■ **What is being asked**
Leaving all pictures out, output exactly and only the line containing "石家庄市2026年度第15批次征收土地预公告" and the lines that follow it to the end of the material below.

■ **Available data**
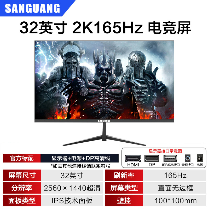 • 32inch 대면 블랙 [2K 울트라 클리어 +165Hz] 몰입형 e스포츠 공식 표준
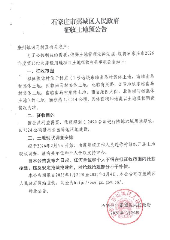 石家庄市2026年度第15批次征收土地预公告
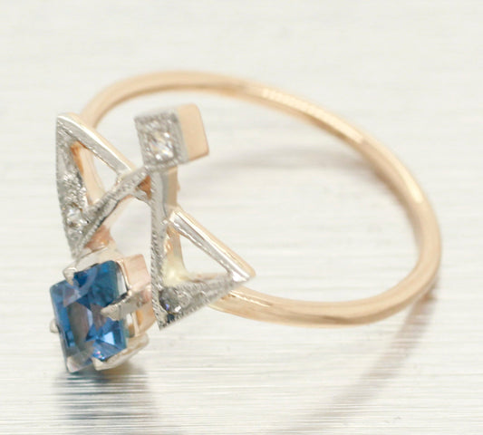 Antique Art Deco Blue Topaz & Diamond Masonic Ring - 18k Yellow Gold
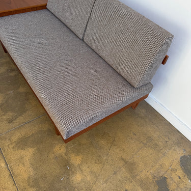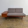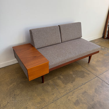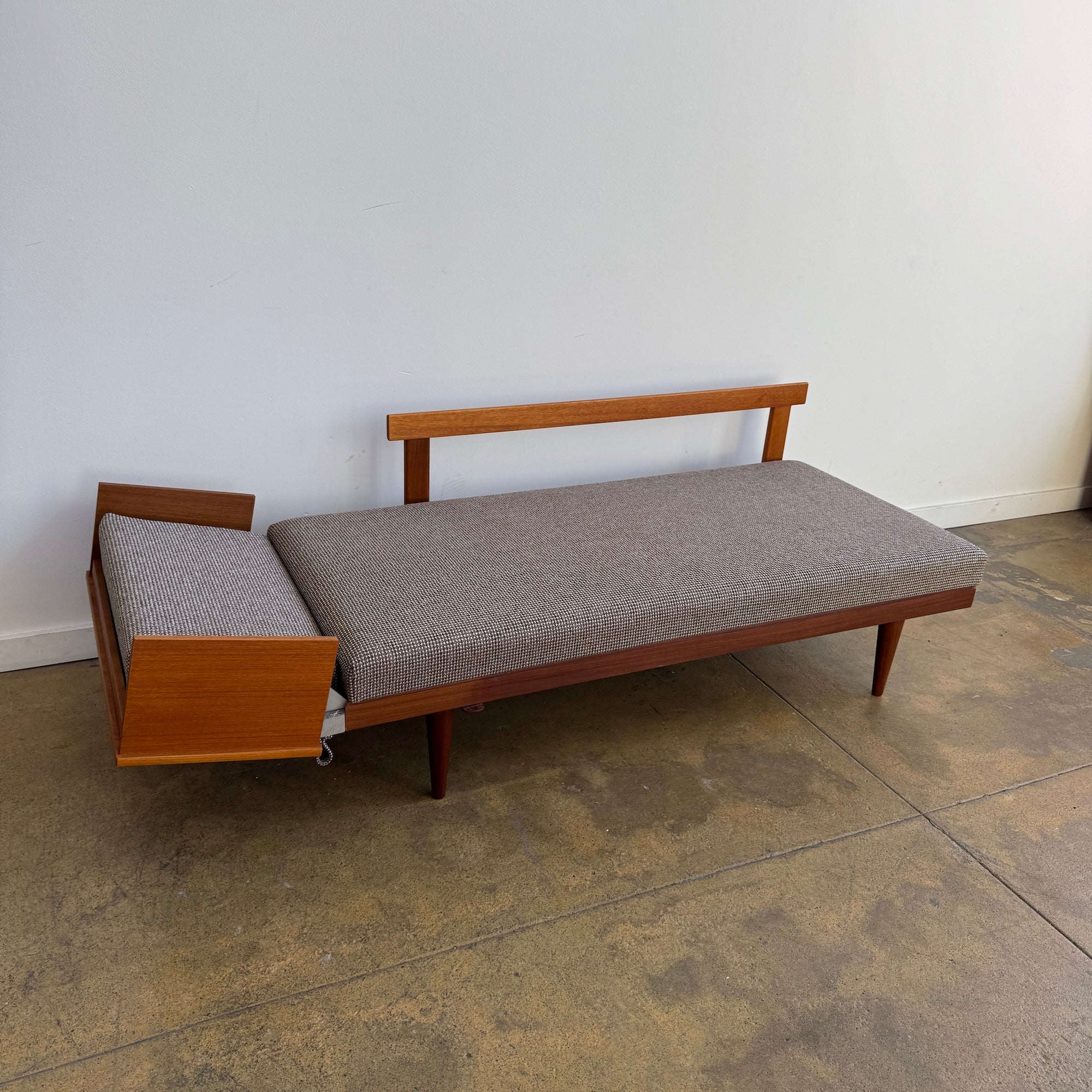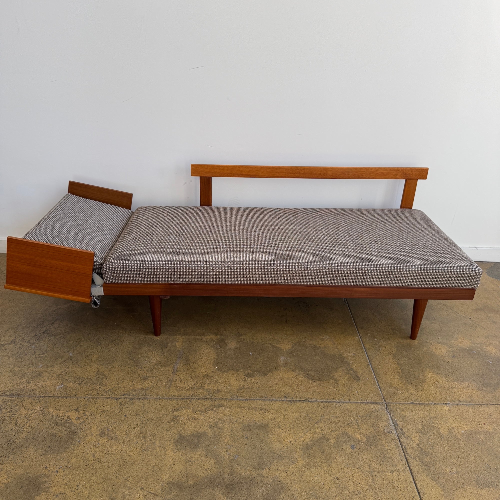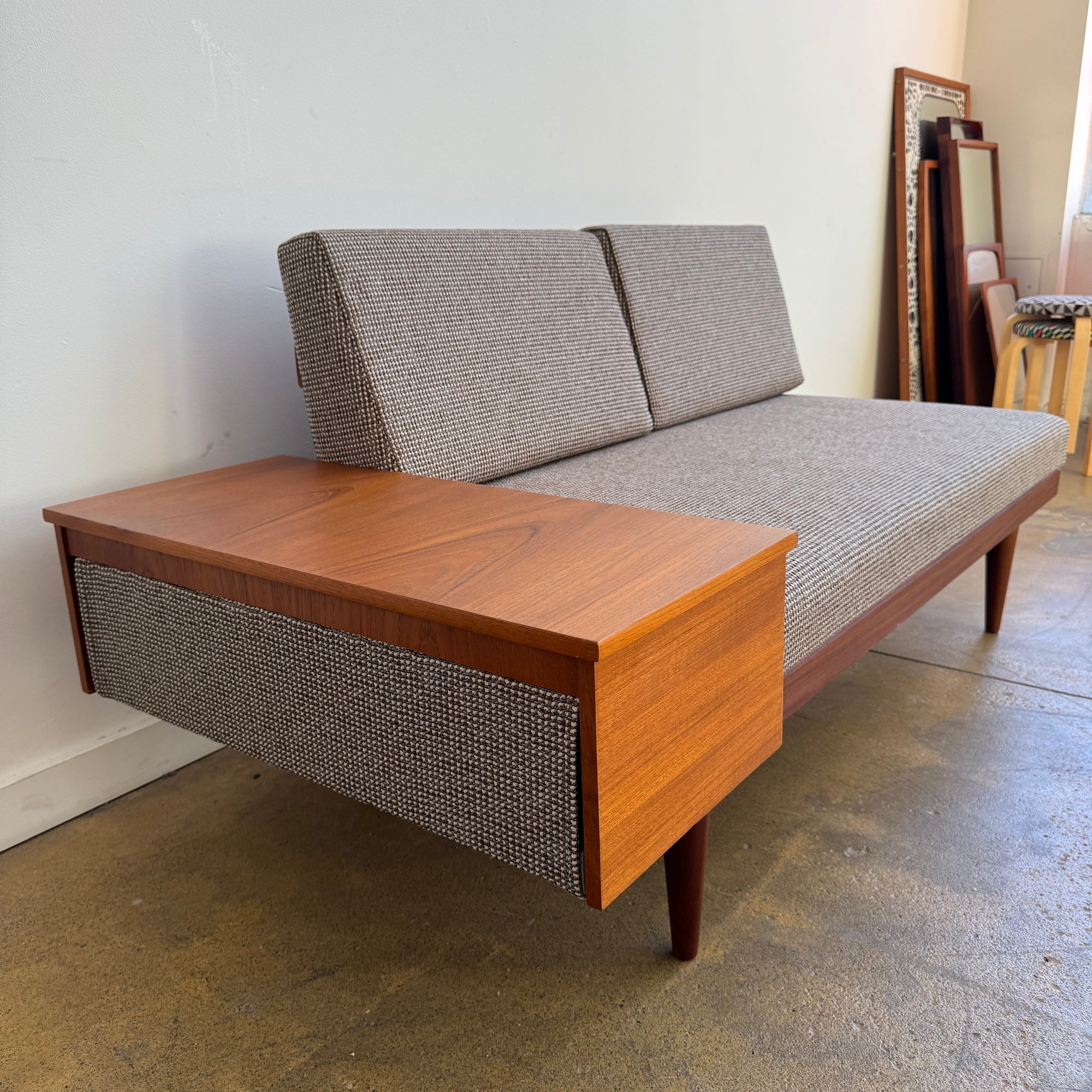 The integrated teak side table has been professionally refinished, showcasing a rich, even grain and warm tone. The daybed also features a clever fold-out mechanism that converts it from a compact sofa into a single bed. Hidden storage beneath the seat provides space for throws or pillows.

■ **Solution**
 石家庄市2026年度第15批次征收土地预公告
 Antique Art Deco Blue Topaz & Diamond Masonic Ring - 18k Yellow Gold
 The integrated teak side table has been professionally refinished, showcasing a rich, even grain and warm tone. The daybed also features a clever fold-out mechanism that converts it from a compact sofa into a single bed. Hidden storage beneath the seat provides space for throws or pillows.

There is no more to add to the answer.